Retype each record below word for word. Leave the pictures out.

*** Material supplied ***

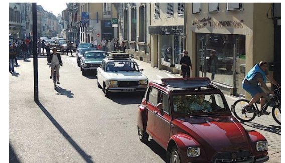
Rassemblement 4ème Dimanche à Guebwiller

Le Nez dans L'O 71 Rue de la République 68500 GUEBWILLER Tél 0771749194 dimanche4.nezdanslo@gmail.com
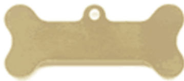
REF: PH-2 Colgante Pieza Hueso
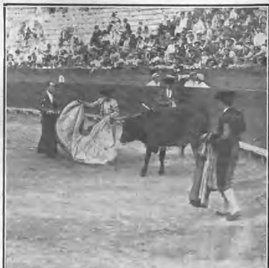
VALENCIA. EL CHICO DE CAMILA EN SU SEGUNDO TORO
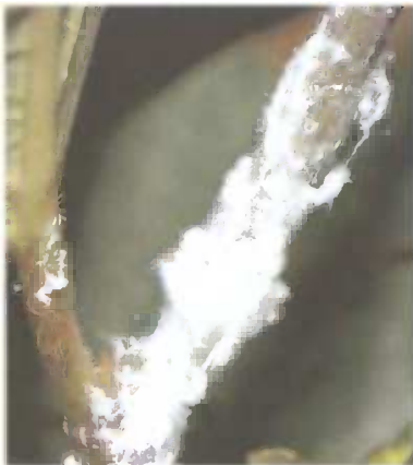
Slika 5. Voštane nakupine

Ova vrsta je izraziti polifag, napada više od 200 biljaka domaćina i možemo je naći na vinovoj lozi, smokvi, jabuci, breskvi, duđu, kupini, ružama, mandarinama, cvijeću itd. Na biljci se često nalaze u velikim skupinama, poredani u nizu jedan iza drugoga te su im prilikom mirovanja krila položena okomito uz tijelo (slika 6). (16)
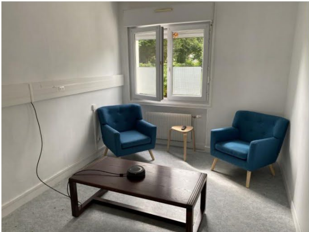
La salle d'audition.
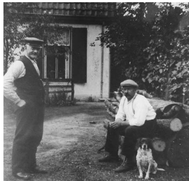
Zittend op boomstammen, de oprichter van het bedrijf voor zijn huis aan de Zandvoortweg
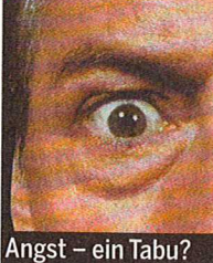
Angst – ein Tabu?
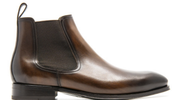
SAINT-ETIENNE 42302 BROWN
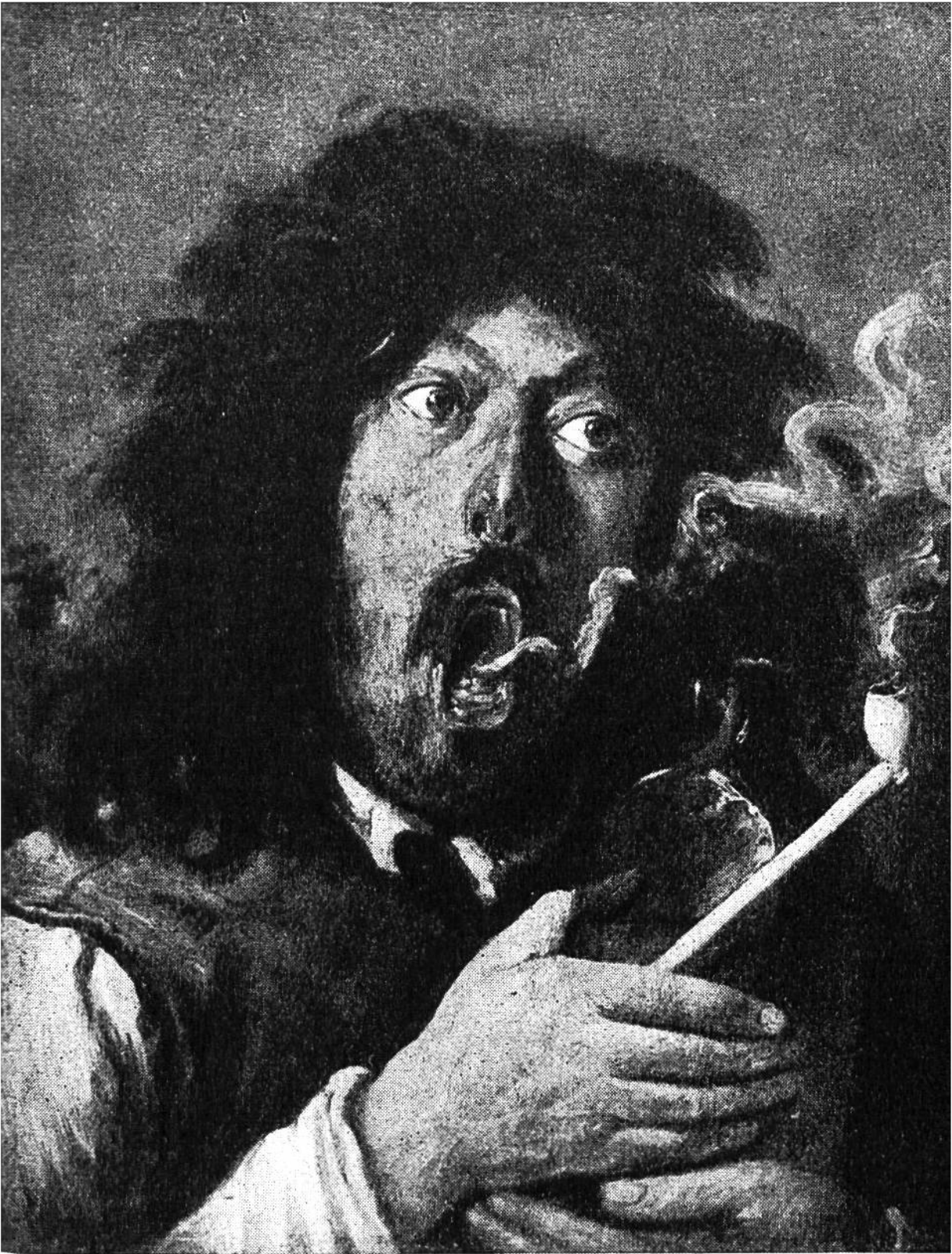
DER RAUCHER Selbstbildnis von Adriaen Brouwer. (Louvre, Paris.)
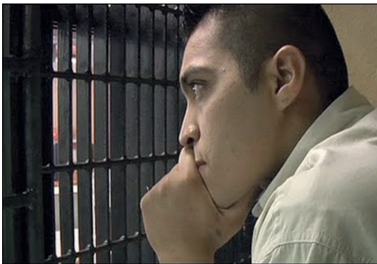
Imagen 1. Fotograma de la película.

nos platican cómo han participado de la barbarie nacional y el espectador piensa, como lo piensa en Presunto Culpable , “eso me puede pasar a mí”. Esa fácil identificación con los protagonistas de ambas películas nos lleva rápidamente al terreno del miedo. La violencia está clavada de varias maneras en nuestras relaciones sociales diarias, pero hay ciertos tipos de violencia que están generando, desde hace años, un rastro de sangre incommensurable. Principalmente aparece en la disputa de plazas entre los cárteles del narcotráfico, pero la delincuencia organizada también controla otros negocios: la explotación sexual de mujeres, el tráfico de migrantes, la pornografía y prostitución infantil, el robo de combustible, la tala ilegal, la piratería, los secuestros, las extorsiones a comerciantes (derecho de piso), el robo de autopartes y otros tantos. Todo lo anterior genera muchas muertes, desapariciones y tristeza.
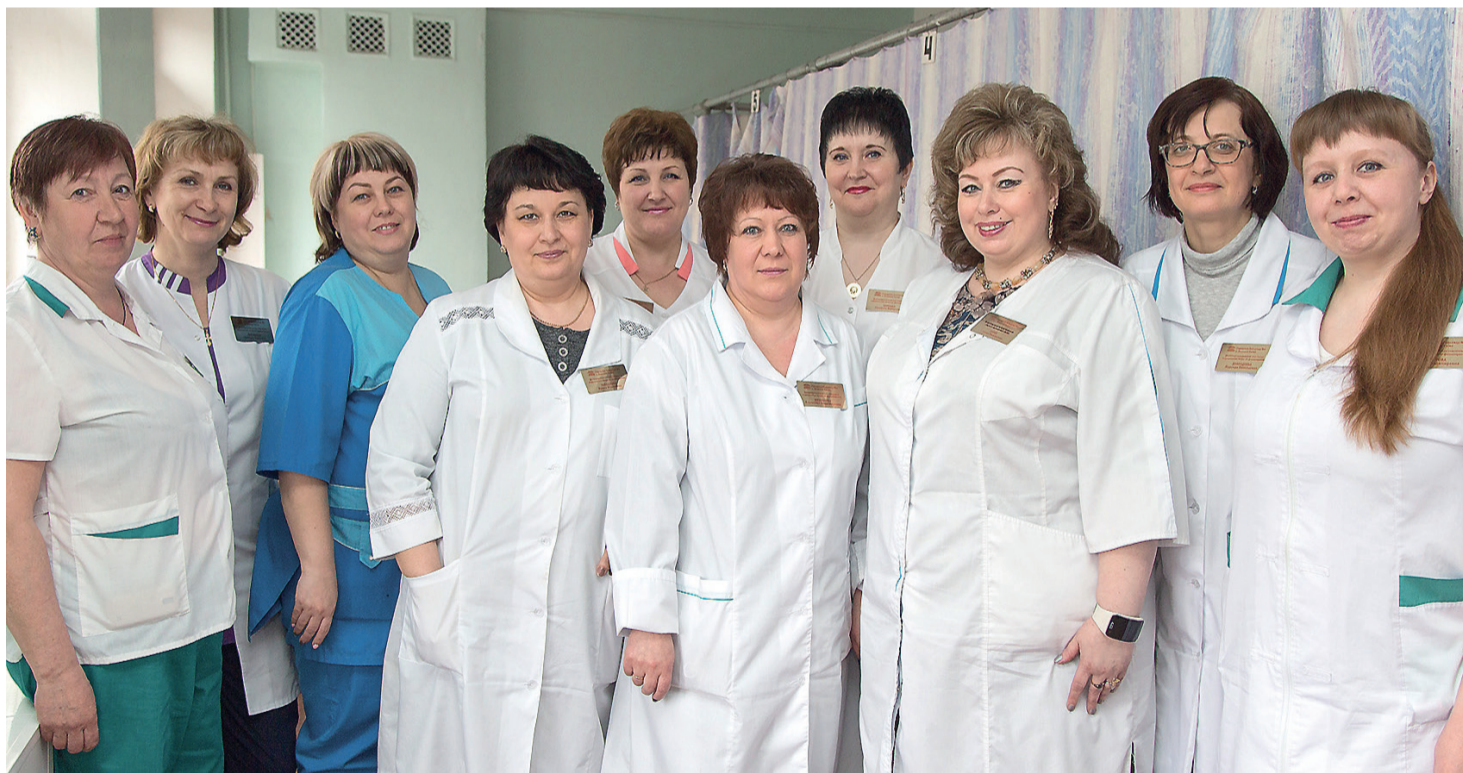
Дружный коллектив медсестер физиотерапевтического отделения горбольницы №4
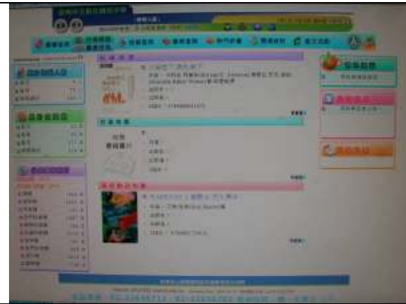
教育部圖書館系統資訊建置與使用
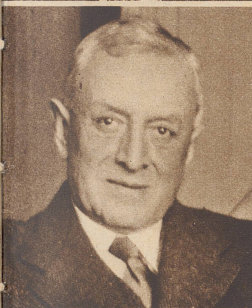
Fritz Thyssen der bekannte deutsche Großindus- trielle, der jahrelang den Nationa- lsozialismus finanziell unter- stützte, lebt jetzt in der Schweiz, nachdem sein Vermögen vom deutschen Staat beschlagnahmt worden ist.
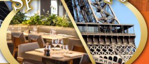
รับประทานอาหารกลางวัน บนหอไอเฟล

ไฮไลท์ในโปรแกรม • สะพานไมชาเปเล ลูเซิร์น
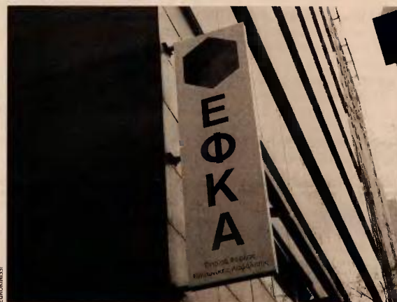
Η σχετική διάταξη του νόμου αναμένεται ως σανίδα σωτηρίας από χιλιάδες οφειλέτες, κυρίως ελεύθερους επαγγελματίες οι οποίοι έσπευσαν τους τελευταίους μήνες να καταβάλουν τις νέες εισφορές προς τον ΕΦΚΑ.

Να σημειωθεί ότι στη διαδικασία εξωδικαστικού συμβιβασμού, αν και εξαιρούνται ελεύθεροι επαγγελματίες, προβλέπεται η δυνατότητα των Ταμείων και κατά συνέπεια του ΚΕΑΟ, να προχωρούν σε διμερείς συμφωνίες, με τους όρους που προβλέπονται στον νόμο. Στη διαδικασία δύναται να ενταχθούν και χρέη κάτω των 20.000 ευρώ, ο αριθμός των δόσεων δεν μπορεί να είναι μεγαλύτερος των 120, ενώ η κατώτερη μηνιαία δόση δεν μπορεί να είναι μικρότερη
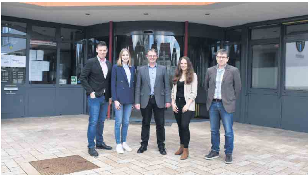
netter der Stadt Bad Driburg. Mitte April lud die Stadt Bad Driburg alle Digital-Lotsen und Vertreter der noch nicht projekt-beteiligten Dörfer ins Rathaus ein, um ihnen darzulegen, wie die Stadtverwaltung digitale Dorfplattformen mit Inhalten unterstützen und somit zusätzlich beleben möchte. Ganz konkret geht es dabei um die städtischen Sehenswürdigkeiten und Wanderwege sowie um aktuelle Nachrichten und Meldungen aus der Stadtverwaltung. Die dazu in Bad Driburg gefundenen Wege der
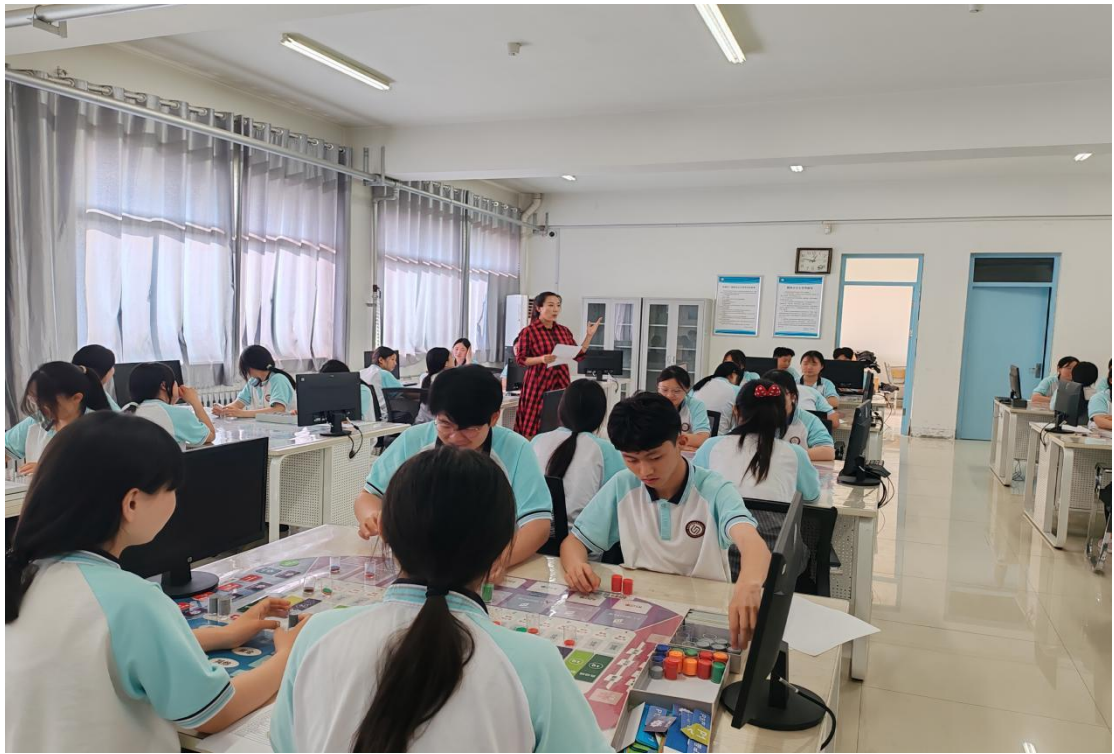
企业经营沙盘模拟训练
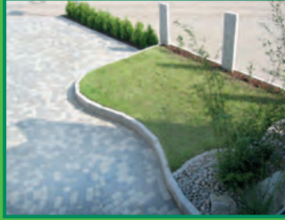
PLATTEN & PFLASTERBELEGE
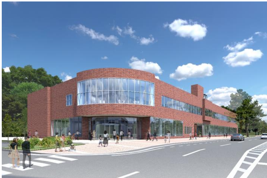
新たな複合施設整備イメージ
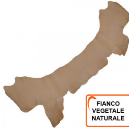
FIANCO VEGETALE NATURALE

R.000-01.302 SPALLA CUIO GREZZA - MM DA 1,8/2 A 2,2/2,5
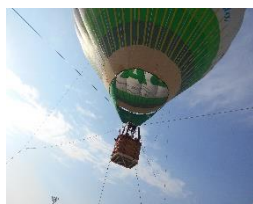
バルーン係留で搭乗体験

*** End of Material supplied ***

- _Response to this task_
Rassemblement 4ème Dimanche à Guebwiller

Le Nez dans L'O 71 Rue de la République 68500 GUEBWILLER Tél 0771749194 dimanche4.nezdanslo@gmail.com
REF: PH-2 Colgante Pieza Hueso
VALENCIA. EL CHICO DE CAMILA EN SU SEGUNDO TORO
Slika 5. Voštane nakupine

Ova vrsta je izraziti polifag, napada više od 200 biljaka domaćina i možemo je naći na vinovoj lozi, smokvi, jabuci, breskvi, duđu, kupini, ružama, mandarinama, cvijeću itd. Na biljci se često nalaze u velikim skupinama, poredani u nizu jedan iza drugoga te su im prilikom mirovanja krila položena okomito uz tijelo (slika 6). (16)
La salle d'audition.
Zittend op boomstammen, de oprichter van het bedrijf voor zijn huis aan de Zandvoortweg
Angst – ein Tabu?
SAINT-ETIENNE 42302 BROWN
DER RAUCHER Selbstbildnis von Adriaen Brouwer. (Louvre, Paris.)
Imagen 1. Fotograma de la película.

nos platican cómo han participado de la barbarie nacional y el espectador piensa, como lo piensa en Presunto Culpable , “eso me puede pasar a mí”. Esa fácil identificación con los protagonistas de ambas películas nos lleva rápidamente al terreno del miedo. La violencia está clavada de varias maneras en nuestras relaciones sociales diarias, pero hay ciertos tipos de violencia que están generando, desde hace años, un rastro de sangre incommensurable. Principalmente aparece en la disputa de plazas entre los cárteles del narcotráfico, pero la delincuencia organizada también controla otros negocios: la explotación sexual de mujeres, el tráfico de migrantes, la pornografía y prostitución infantil, el robo de combustible, la tala ilegal, la piratería, los secuestros, las extorsiones a comerciantes (derecho de piso), el robo de autopartes y otros tantos. Todo lo anterior genera muchas muertes, desapariciones y tristeza.
Дружный коллектив медсестер физиотерапевтического отделения горбольницы №4
教育部圖書館系統資訊建置與使用
Fritz Thyssen der bekannte deutsche Großindus- trielle, der jahrelang den Nationa- lsozialismus finanziell unter- stützte, lebt jetzt in der Schweiz, nachdem sein Vermögen vom deutschen Staat beschlagnahmt worden ist.
รับประทานอาหารกลางวัน บนหอไอเฟล

ไฮไลท์ในโปรแกรม • สะพานไมชาเปเล ลูเซิร์น
Η σχετική διάταξη του νόμου αναμένεται ως σανίδα σωτηρίας από χιλιάδες οφειλέτες, κυρίως ελεύθερους επαγγελματίες οι οποίοι έσπευσαν τους τελευταίους μήνες να καταβάλουν τις νέες εισφορές προς τον ΕΦΚΑ.

Να σημειωθεί ότι στη διαδικασία εξωδικαστικού συμβιβασμού, αν και εξαιρούνται ελεύθεροι επαγγελματίες, προβλέπεται η δυνατότητα των Ταμείων και κατά συνέπεια του ΚΕΑΟ, να προχωρούν σε διμερείς συμφωνίες, με τους όρους που προβλέπονται στον νόμο. Στη διαδικασία δύναται να ενταχθούν και χρέη κάτω των 20.000 ευρώ, ο αριθμός των δόσεων δεν μπορεί να είναι μεγαλύτερος των 120, ενώ η κατώτερη μηνιαία δόση δεν μπορεί να είναι μικρότερη
netter der Stadt Bad Driburg. Mitte April lud die Stadt Bad Driburg alle Digital-Lotsen und Vertreter der noch nicht projekt-beteiligten Dörfer ins Rathaus ein, um ihnen darzulegen, wie die Stadtverwaltung digitale Dorfplattformen mit Inhalten unterstützen und somit zusätzlich beleben möchte. Ganz konkret geht es dabei um die städtischen Sehenswürdigkeiten und Wanderwege sowie um aktuelle Nachrichten und Meldungen aus der Stadtverwaltung. Die dazu in Bad Driburg gefundenen Wege der
企业经营沙盘模拟训练
PLATTEN & PFLASTERBELEGE
新たな複合施設整備イメージ
FIANCO VEGETALE NATURALE

R.000-01.302 SPALLA CUIO GREZZA - MM DA 1,8/2 A 2,2/2,5
バルーン係留で搭乗体験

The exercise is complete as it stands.